YOUR INSTRUCTIONS: Please return the listing below word for word, minus its pictures.

DATA EXTRACT START

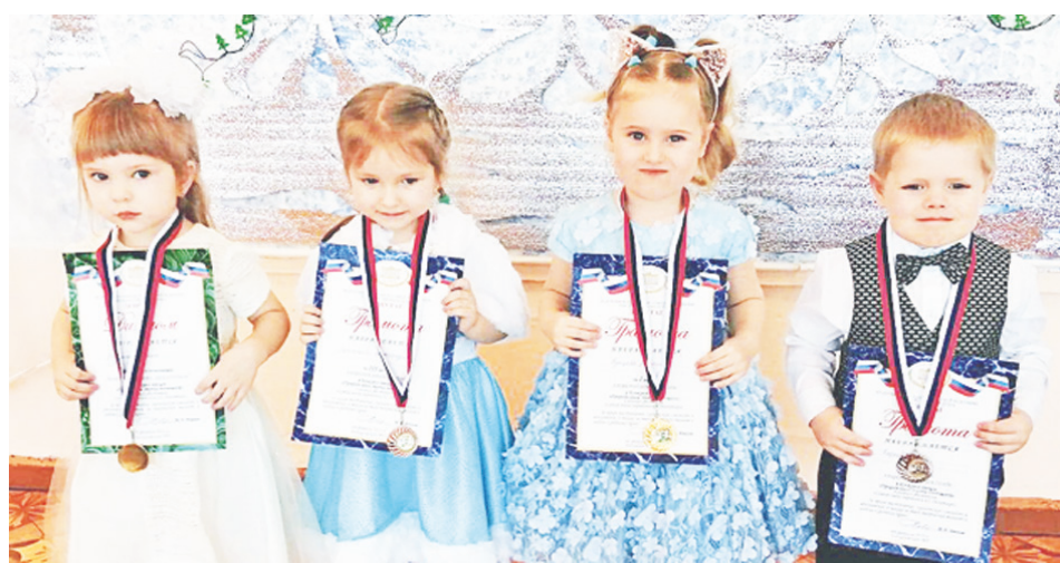
Самые маленькие победители (3-4 года).

Значение знакомства дошкольников с произведениями классиков-поэтов недооценивать нельзя. Изучение литературно-культурного наследия русских классиков помогает заложить в детях чувство гордости за свой народ, за своё Отечество, воспитывает любовь к Родине, делает детей умнее и добрее, сознательнее и отважнее. С этой целью и задачами по совершенствованию художественно-речевых и исполнительских навыков дошкольников в начале февраля в Байкаловском детском саду «Богатырь» прошёл конкурс чтецов «Природе края строки посвящаем». В нём получили возмож-
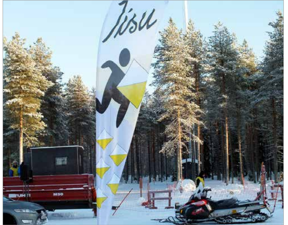
Iisun lippu on liehunut jo vuodesta 1971.

DATA EXTRACT END

RESULT OF THE TASK:
Самые маленькие победители (3-4 года).

Значение знакомства дошкольников с произведениями классиков-поэтов недооценивать нельзя. Изучение литературно-культурного наследия русских классиков помогает заложить в детях чувство гордости за свой народ, за своё Отечество, воспитывает любовь к Родине, делает детей умнее и добрее, сознательнее и отважнее. С этой целью и задачами по совершенствованию художественно-речевых и исполнительских навыков дошкольников в начале февраля в Байкаловском детском саду «Богатырь» прошёл конкурс чтецов «Природе края строки посвящаем». В нём получили возмож-
Iisun lippu on liehunut jo vuodesta 1971.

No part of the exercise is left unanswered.